[Data extracted from a collection]
....

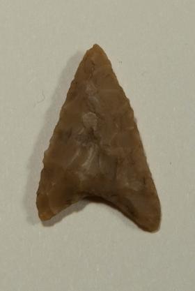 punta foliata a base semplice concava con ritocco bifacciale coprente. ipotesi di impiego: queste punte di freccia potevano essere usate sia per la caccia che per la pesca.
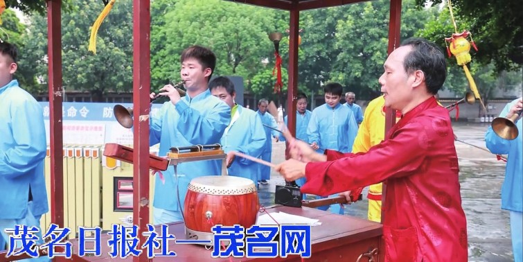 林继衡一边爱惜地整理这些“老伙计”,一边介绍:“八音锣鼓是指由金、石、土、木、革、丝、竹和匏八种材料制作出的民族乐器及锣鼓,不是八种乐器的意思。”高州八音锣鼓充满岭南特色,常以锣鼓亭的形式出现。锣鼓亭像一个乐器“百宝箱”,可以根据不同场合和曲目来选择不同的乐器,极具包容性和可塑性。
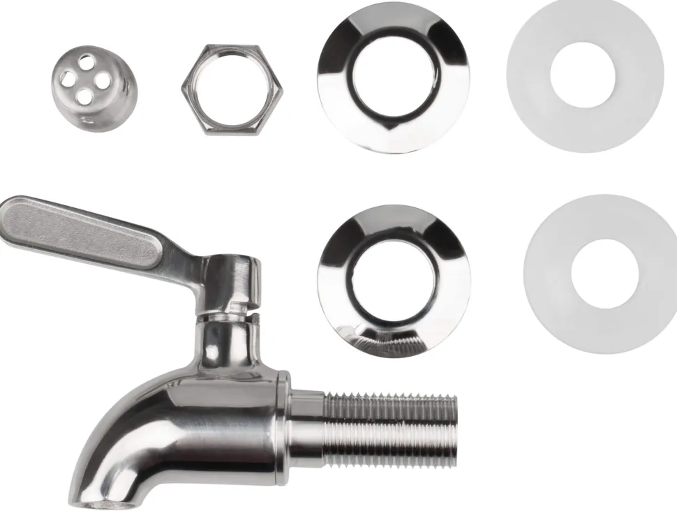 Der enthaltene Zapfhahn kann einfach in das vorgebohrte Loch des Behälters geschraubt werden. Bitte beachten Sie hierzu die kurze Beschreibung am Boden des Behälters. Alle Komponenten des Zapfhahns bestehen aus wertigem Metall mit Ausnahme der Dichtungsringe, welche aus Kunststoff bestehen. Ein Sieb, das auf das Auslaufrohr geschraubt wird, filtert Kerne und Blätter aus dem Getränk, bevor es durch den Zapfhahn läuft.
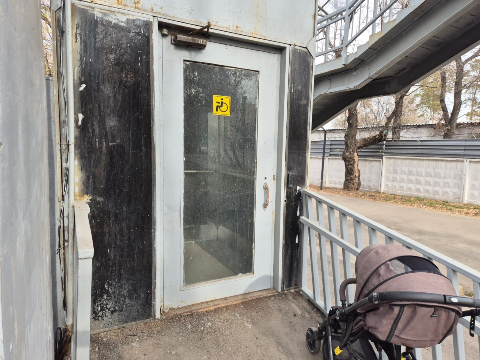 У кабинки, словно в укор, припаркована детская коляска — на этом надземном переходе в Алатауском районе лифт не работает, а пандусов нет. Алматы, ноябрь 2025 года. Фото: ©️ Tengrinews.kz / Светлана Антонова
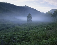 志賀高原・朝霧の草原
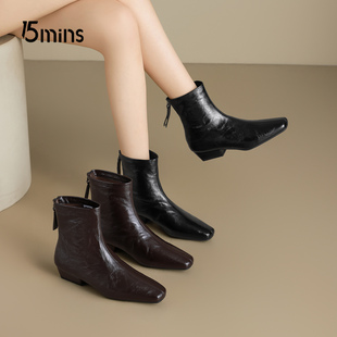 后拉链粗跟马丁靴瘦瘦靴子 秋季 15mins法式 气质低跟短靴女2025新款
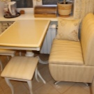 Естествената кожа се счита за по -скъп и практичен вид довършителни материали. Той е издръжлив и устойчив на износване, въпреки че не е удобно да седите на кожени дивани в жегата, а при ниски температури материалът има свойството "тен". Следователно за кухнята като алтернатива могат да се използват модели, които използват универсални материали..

....

Could you retype every record exactly, leaving the pictures out?

» Your response
 punta foliata a base semplice concava con ritocco bifacciale coprente. ipotesi di impiego: queste punte di freccia potevano essere usate sia per la caccia che per la pesca.
 林继衡一边爱惜地整理这些“老伙计”,一边介绍:“八音锣鼓是指由金、石、土、木、革、丝、竹和匏八种材料制作出的民族乐器及锣鼓,不是八种乐器的意思。”高州八音锣鼓充满岭南特色,常以锣鼓亭的形式出现。锣鼓亭像一个乐器“百宝箱”,可以根据不同场合和曲目来选择不同的乐器,极具包容性和可塑性。
 Der enthaltene Zapfhahn kann einfach in das vorgebohrte Loch des Behälters geschraubt werden. Bitte beachten Sie hierzu die kurze Beschreibung am Boden des Behälters. Alle Komponenten des Zapfhahns bestehen aus wertigem Metall mit Ausnahme der Dichtungsringe, welche aus Kunststoff bestehen. Ein Sieb, das auf das Auslaufrohr geschraubt wird, filtert Kerne und Blätter aus dem Getränk, bevor es durch den Zapfhahn läuft.
 У кабинки, словно в укор, припаркована детская коляска — на этом надземном переходе в Алатауском районе лифт не работает, а пандусов нет. Алматы, ноябрь 2025 года. Фото: ©️ Tengrinews.kz / Светлана Антонова
 志賀高原・朝霧の草原
 后拉链粗跟马丁靴瘦瘦靴子 秋季 15mins法式 气质低跟短靴女2025新款
 Естествената кожа се счита за по -скъп и практичен вид довършителни материали. Той е издръжлив и устойчив на износване, въпреки че не е удобно да седите на кожени дивани в жегата, а при ниски температури материалът има свойството "тен". Следователно за кухнята като алтернатива могат да се използват модели, които използват универсални материали..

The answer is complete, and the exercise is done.